Одна из наиболее известных версий принадлежит перу Гете, который переписал монолог Прометея, адресованный непосредственно Зевсу:

 
Быть может, ты хотел,
Чтоб я возненавидел жизнь,
Бежал в пустыню оттого лишь,
Что воплотил
Не все свои мечты?
Вот я –  гляди! Я создаю людей,
Леплю их
По своему подобью,
Чтобы они, как я, умели
Страдать, и плакать,
И радоваться, наслаждаясь жизнью,
И презирать ничтожество твое,
Подобно мне![156]
 

Не все мечты и чаяния сбываются, но это вовсе не означает, что мы должны прекратить мечтать и рассказывать истории. В XX столетии – в ответ на множество оптимистических и утопических версий прометеевского сюжета, в котором предвидение Прометея становится эквивалентом прогресса, – у нас найдутся притчи, которые бросают вызов выживанию самой памяти о Прометее.

Прометей и Дионис обрели много дополнительных масок за минувшие тысячелетия. Если Прометей в эпоху модерна превратился в Фауста – романтика, марксиста, героя произведений в духе социалистического реализма и модернистского художника – Пикассо, то Дионис превратился в орфического стихотворца, анархиста и авангардиста, обнажающего дух самой музыки радикализма. Оба имеют отношение к делегитимизации власти и конкурирующим претензиям на справедливость, безумию и мудрости, к жертвоприношениям и их осквернению.

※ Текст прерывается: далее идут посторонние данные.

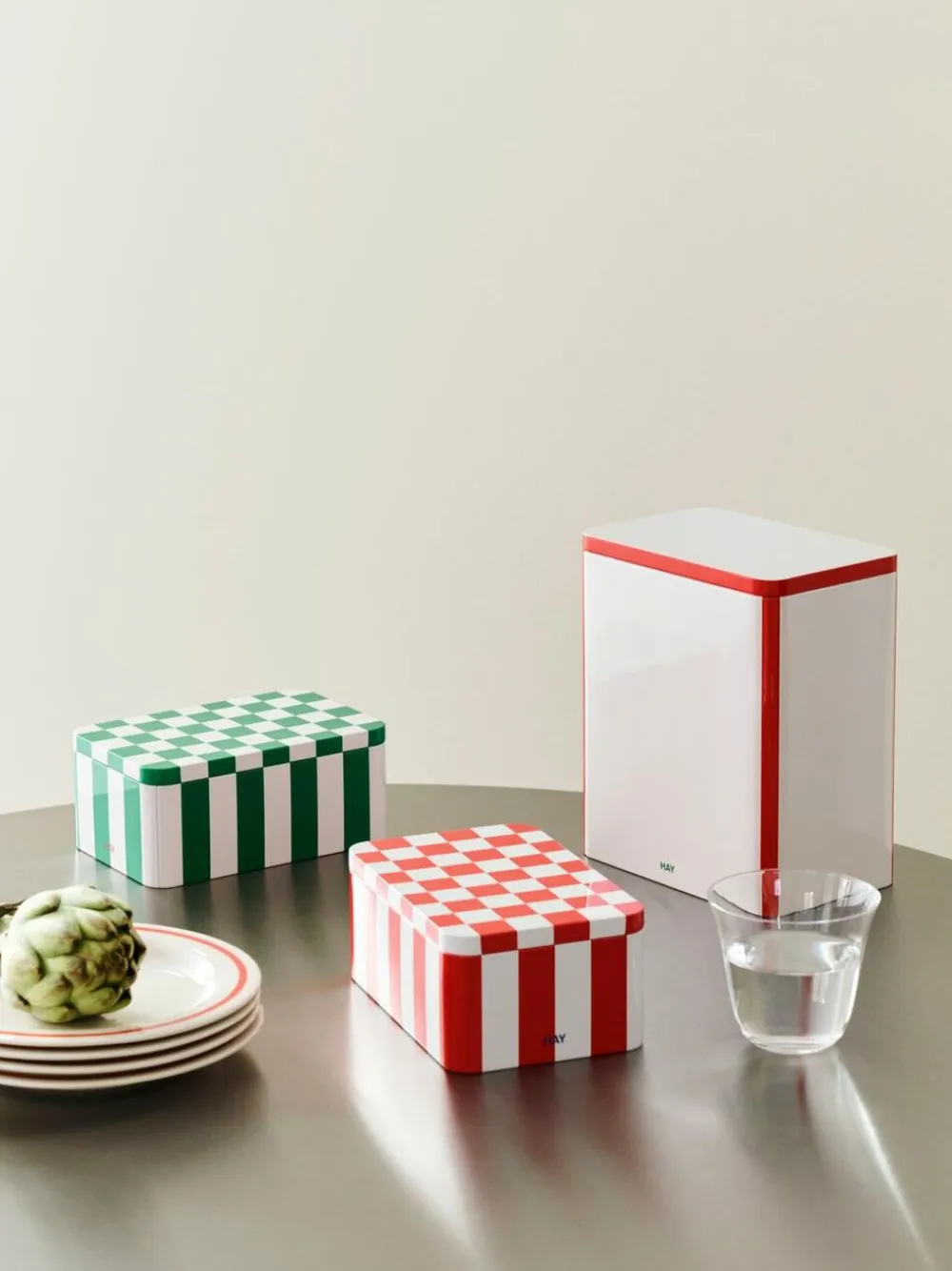 Tin Container-Small-Red and off-whi>Hay Hot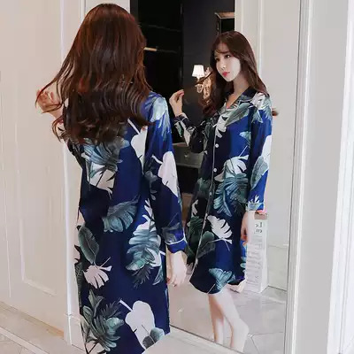 Nightdress Lady Autumn long sexy Ice Silk long sleeve pajamas silk thin Korean sweet spring and autumn home clothes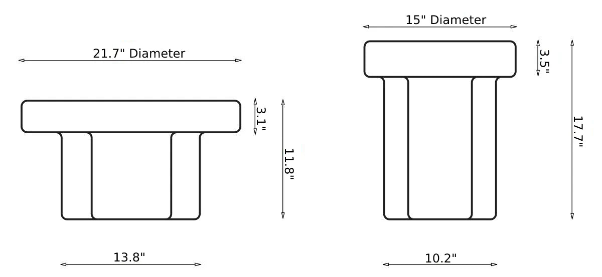 • Size: 15" Dia x 17.7" H - (Tall) , 21.7" Dia x 11.8" H (Short)

Μανια: Помышляя об освобождении и тирании

По мнению Ницше, Еврипид был великим мастером-трагедией, даже когда он убивал[157] этот жанр и представлял серьезную угрозу для «Эсхиловой трагедии»[158]. Слово «драма» (от греческого глагола δρᾶν/πράσσω) означает и ритуал, и театр – действие в реальном мире и действие на подмостках[159]. Одна из последних трагедий Еврипида, «Вакханки», в которой Дионис кроваво мстит и разрушает дворец Кадма, основателя Фив, показывает, что радикальные ритуалы освобождения могут полностью упразднить театр полиса, делая неактуальными все претензии к политическим свободам и справедливости. Иными словами, доведенная до логического предела μανια Диониса способна уничтожить τέχνη свободы и поставить под угрозу выживание самого жанра трагедии и поэтов-трагиков как таковых.

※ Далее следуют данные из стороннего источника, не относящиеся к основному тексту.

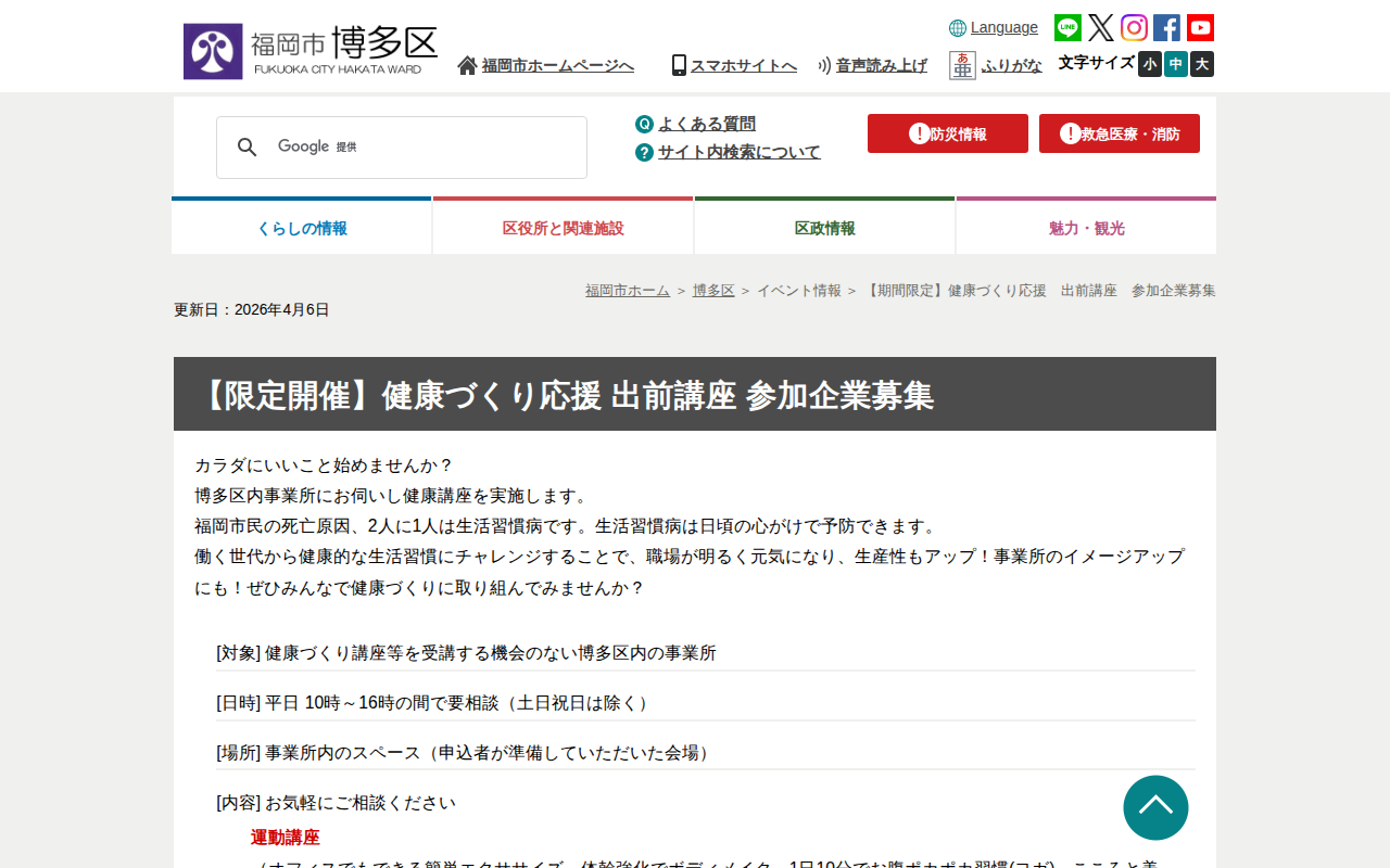 福岡市 【期間限定】健康づくり応援 出前講座 参加企業募集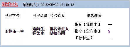 “刷新排名”按钮,可显示已报学校名称、已报类型、入围情况、排名详情,考生的排名只显示在择优生、定向生、特长生中的一列;

Главный герой трагедии «Вакханки» – сам Дионис, одновременно бог мистического культа и покровитель трагедии. Он – мастер маскировки, властолюбивый защитник обездоленных, хитрый и авторитарный князь оргиастического освобождения. Являясь в трагедии «Вакханки» одновременно «персонажем» и «автором», он стоит за сюжетной линией непреднамеренной (оскверненной) жертвы внука Кадма – молодого и высокомерного правителя полиса, Пенфея. Священные табу в большинстве древних религий препятствовали личному контакту с божеством. Те, кто стал свидетелем появления божества и видел священные обряды, были обречены сгореть дотла, – этих несчастных охватывал не творческий огонь Прометея, а пламя божественной мести. Но как же зрителям трагедии Еврипида удалось встретиться лицом к лицу с Дионисом и не остаться ослепленными этим божественным видением? Быть может, театральная постановка делала зрителей менее восприимчивыми к воздействию культа Диониса или являлась инсценировкой неизбежного возвращения к религиозной автократии? Чем же чреваты возвращение к множественным μανία освобождения и запоздалая ресакрализация агностического пространства свободы?

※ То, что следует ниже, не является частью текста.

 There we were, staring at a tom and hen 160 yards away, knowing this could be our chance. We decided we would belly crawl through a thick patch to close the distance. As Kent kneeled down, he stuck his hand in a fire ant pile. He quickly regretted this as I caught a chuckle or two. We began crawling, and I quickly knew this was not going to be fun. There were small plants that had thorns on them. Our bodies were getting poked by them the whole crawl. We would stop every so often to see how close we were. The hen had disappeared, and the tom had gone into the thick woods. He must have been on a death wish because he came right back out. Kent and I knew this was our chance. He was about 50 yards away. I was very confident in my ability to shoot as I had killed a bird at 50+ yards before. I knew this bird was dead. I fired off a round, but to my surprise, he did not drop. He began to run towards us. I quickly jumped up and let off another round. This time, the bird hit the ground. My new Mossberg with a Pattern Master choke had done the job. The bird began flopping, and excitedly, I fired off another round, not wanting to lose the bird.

Пенфей бросает вызов «горделивому богу», а также вершителям его оргиастического культа и меркантильным последователям. «Видно, снова хочешь, / Вводя к фиванцам бога, погадать / По птицам и за жертвы взять деньжонок!» – спрашивает он местного слепого прорицателя Тиресия (165)[160]. Дионис у Еврипида не наделен и малой толикой романтического или революционного очарования. Он – обиженная и неумолимая авторитарная личность, которая, подобно смертным, не может контролировать собственные эмоции. Он далеко не Дионис-Либер, культы которого появятся в более позднюю эпоху эллинизма и будут существовать на протяжении всего периода Римской империи, превратившись в отверженное верование рабов, изгнанников и обездоленных – всех тех, лишенных надежды и, следовательно, готовых принять на веру обещания обретения благоденствия в потустороннем мире. Сама трагедия Еврипида интерпретировалась по-разному, порой как вынужденное религиозное обращение изгнанного и разочарованного драматурга и принятие им божественной справедливости, а иногда и как серьезное предупреждение, выявляющее хрупкость любого цивилизованного порядка.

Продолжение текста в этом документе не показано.